Job was a righteous man.
“In all this Job sinned not, nor charged God foolishly.”
On April 1, 2019 at 11:11 am, Frank Clarke said:
@Fred: “…their failure to beat the snot out of this boy… It seems like everybody nowadays has a need to force others to understand their preferences…”
Ahem…
Back in the day, I thought VietNam was “the good fight”, save the world from the dastardly commies, etc. I don’t believe that anymore. VN was a PR effort from the git-go, and it only cost 58,000 dead Americans. We’re such good trading partners these days that our veterans can even go there on vacation!

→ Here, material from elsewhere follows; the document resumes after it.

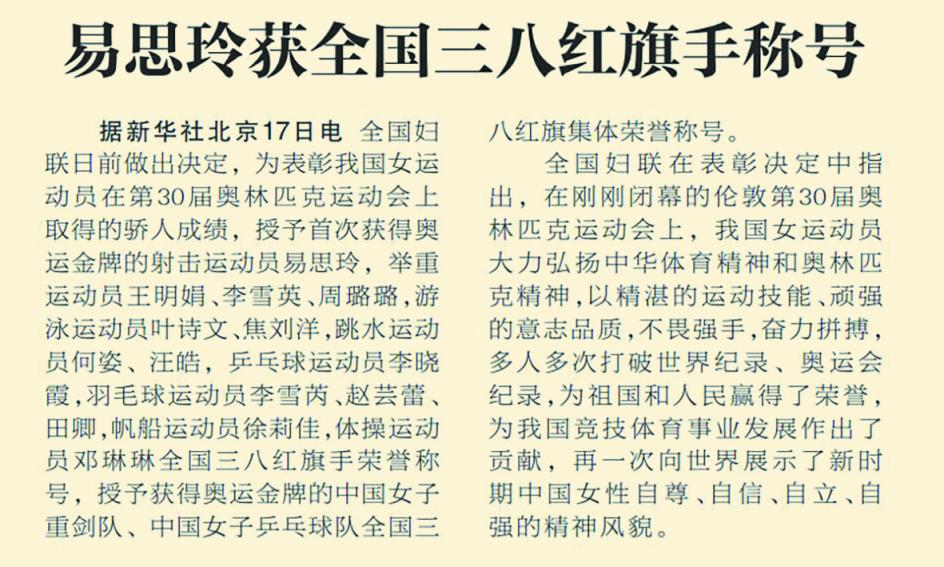 参加奥运会的女运动员们,在赛场上以精湛的技艺和顽强的意志为国争光,展现出自尊、自信、自立、自强的精神。2012年,为表彰我国女运动员在第30届伦敦奥运会上取得的辉煌成就,全国妇联授予易思玲、叶诗文、何姿、李晓霞等14名首次夺金的女运动员全国三八红旗手荣誉称号,同时授予中国女子重剑队、中国女子乒乓球队全国三八红旗集体称号。(2012年8月18日《北京日报》8版,《易思玲获全国三八红旗手称号》)

Peter, Paul, and Mary were right all along, but some people never figured out what they were singing about.
On April 1, 2019 at 11:35 am, Herschel Smith said:
@Frank,
Back in the day, I thought VietNam was “the good fight”, …

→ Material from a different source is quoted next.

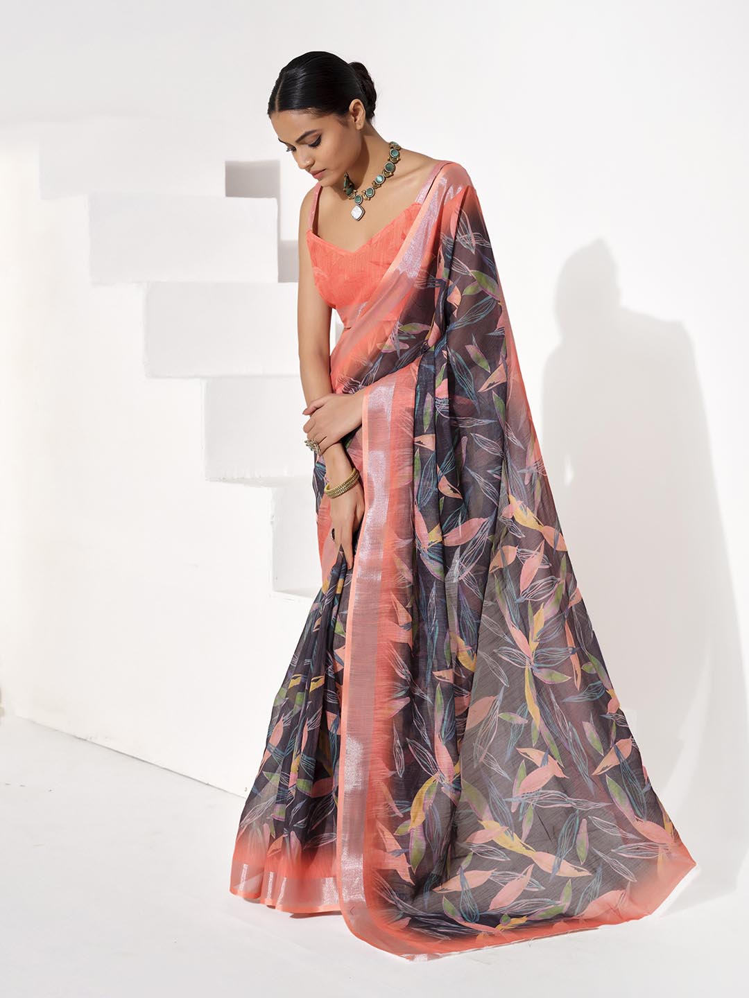 Black Color Cotton Blend Girlie Designer Printed Saree For Rich Sophisticated Looks

I thought someone might bring this up and thought about pre-empting that objection, but decided against it.
The point isn’t whether Vietnam was a “good fight.” For the man entering West Point, he doesn’t get to decide since the taxpayers are putting him through school.
The point is that he didn’t have to join and take the oath. He did, and then reneged. That makes him a coward.

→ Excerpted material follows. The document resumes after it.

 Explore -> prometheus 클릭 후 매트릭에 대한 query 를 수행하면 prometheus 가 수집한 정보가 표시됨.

I didn’t think OEF was a “good fight” either, but my son took an oath and did his duty, and he didn’t even go to West Point.
On April 1, 2019 at 12:27 pm, ExpatNJ said:
Apologies, Captain, I did not know where to post this so you would see it ASAP
(I have not tried to verify the information):
New Zealand Semiautomatic Ban Covers Pump Shotguns Too
https://www.breitbart.com/politics/2019/04/01/new-zealand-semiautomatic-ban-covers-pump-shotguns-too/
New Zealand Gang Leader: We Will Not Give Up Our Guns
https://www.breitbart.com/politics/2019/03/31/new-zealand-gang-leader-we-will-not-give-up-our-guns/
On April 1, 2019 at 12:53 pm, Fred said:
@Frank,
A father and/or grandfather properly disciplining and raising a boy does in no way equate to State force or societal communism or forced preferences. One is a command of Holy God right and proper, the other makes the States an anti-Christ. By teaching a boy that there is individual responsibility and accountability they are then much less inclined to later seek collective solutions. The State is not God, the State is not the head of the family, and the State would be way less out of control had our generation been properly disciplined as boys. When a father fails to discipline his sons they will seek that structure elsewhere, it being a male need. If he had been properly raised he wouldn’t be a commie. Somebody should have beat the snot of him. Period.
On April 1, 2019 at 3:29 pm, Pat Hines said:
LKT IV is a well known coward and criminal. He’s been doing this for years at least partially because his father’s friends and his grandfather’s friends shunned him completely as well they should have.
LKT IV only has a voice because of his family and his anti-family stances. He is, to be kind, a POS.
On April 1, 2019 at 5:49 pm, John Richardson said:
He should have been expelled from West Point for violating the Honor Code – “A Cadet will not lie, cheat, steal or tolerate those who do.”
Using a calling card belonging to SDS, no matter how despicable they may have been, was stealing. I imagine he was absolved of the crime due to his illustrious forebearers.